Wherever a picture appears in the data below, omit it, and restate everything else word for word.

== Data shown

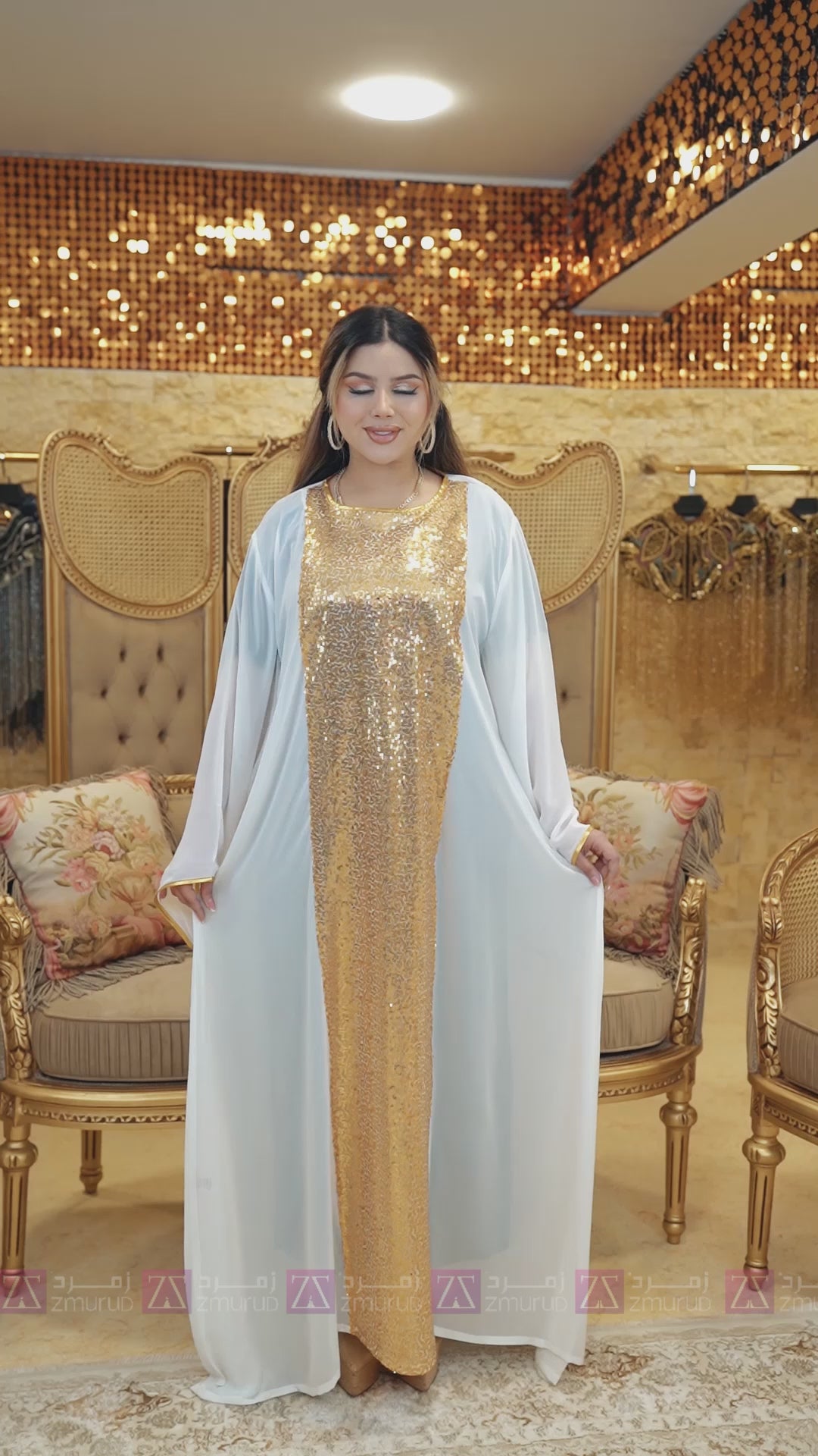 جلابية كويتية، شيفون ناعم شفاف بدون بطانة، تطريز وترتر. فري سايز يناسب من ٧٠ إلى ١٠٠ كجم.
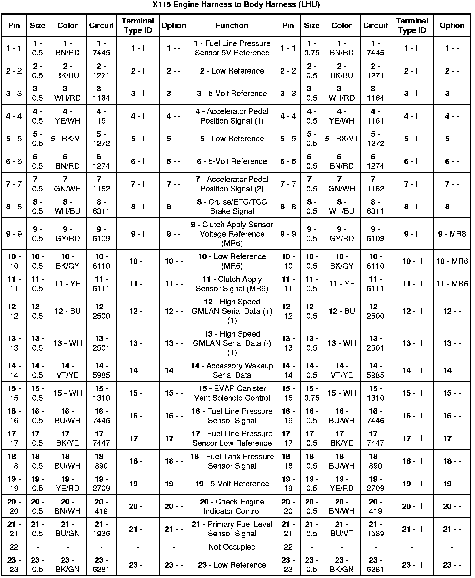 X115 Engine Harness to Body Harness (LHU)
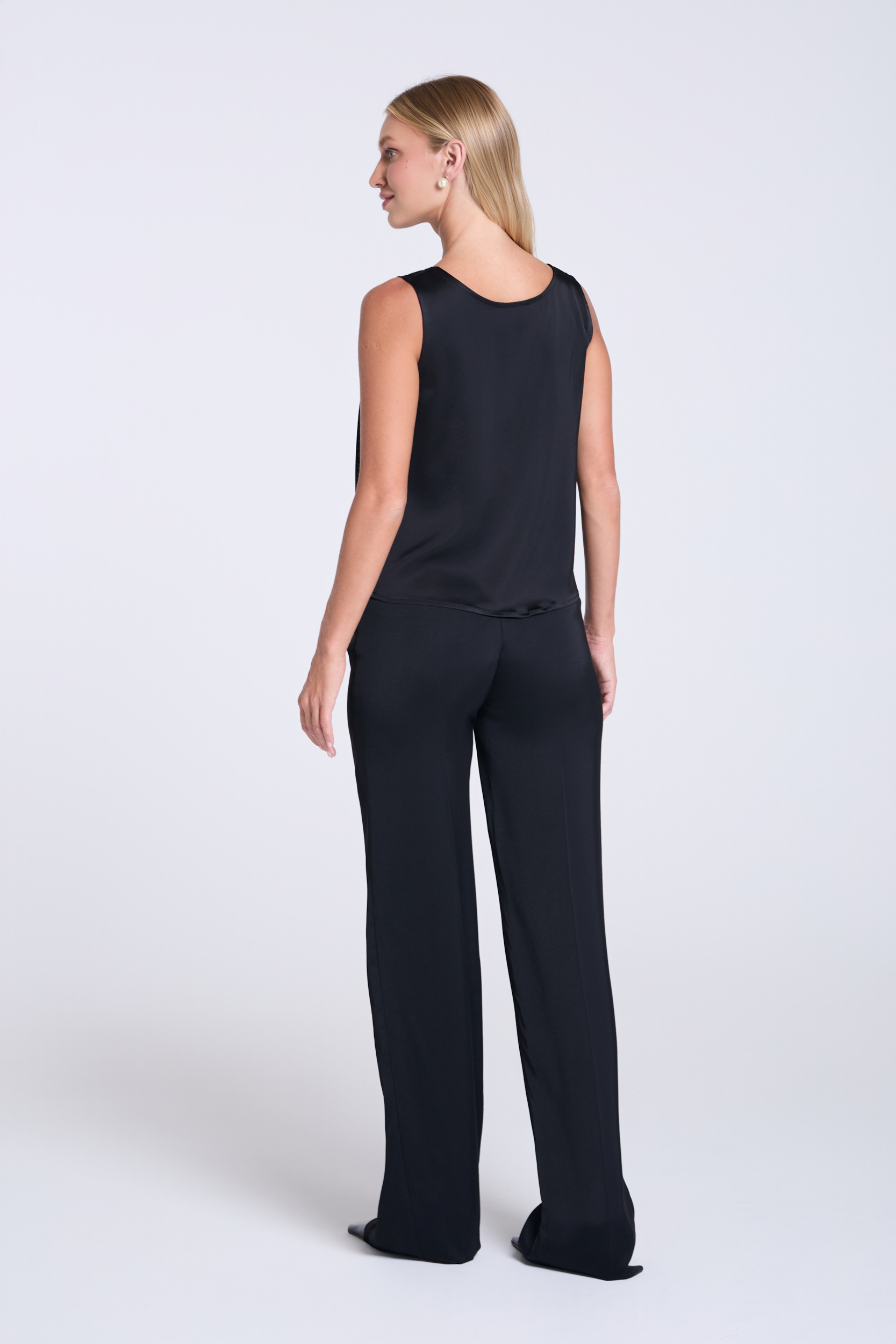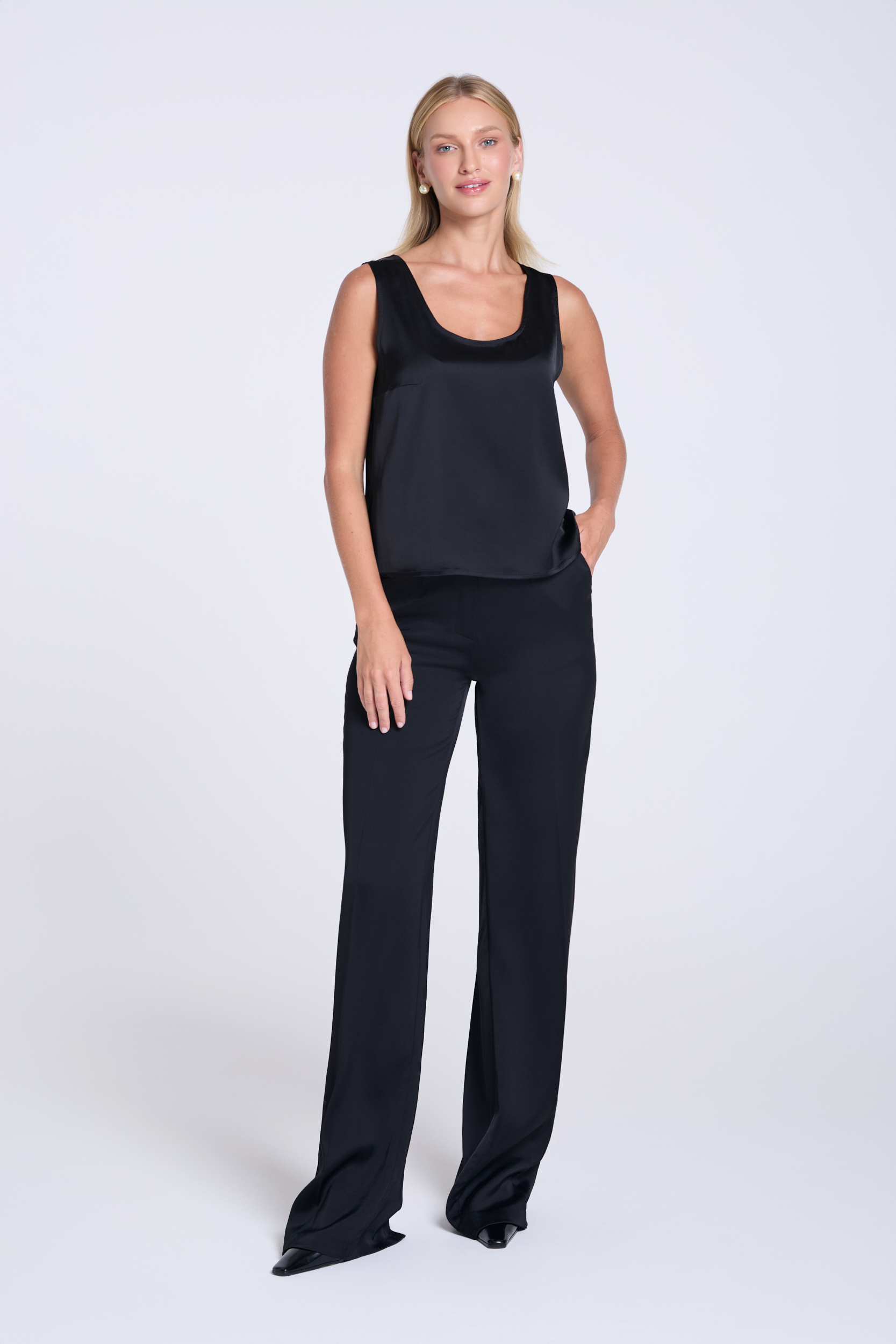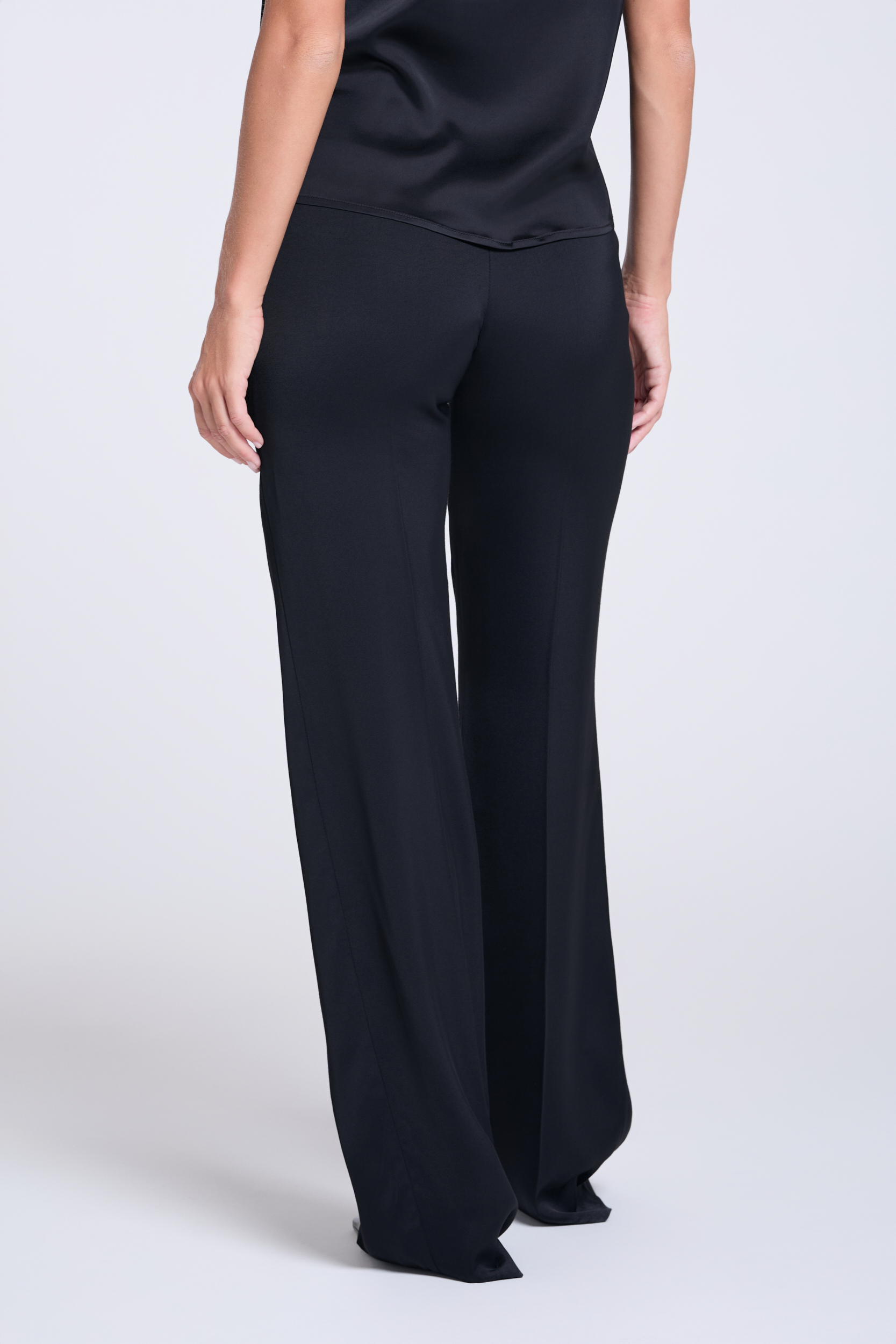 spodnie garniturowe z wysokim stanem, uszyte z mięsistej, lejącej mieszanki wiskozy. Ich prosta, lekko

====

Exercise output:
 جلابية كويتية، شيفون ناعم شفاف بدون بطانة، تطريز وترتر. فري سايز يناسب من ٧٠ إلى ١٠٠ كجم.
 X115 Engine Harness to Body Harness (LHU)
 spodnie garniturowe z wysokim stanem, uszyte z mięsistej, lejącej mieszanki wiskozy. Ich prosta, lekko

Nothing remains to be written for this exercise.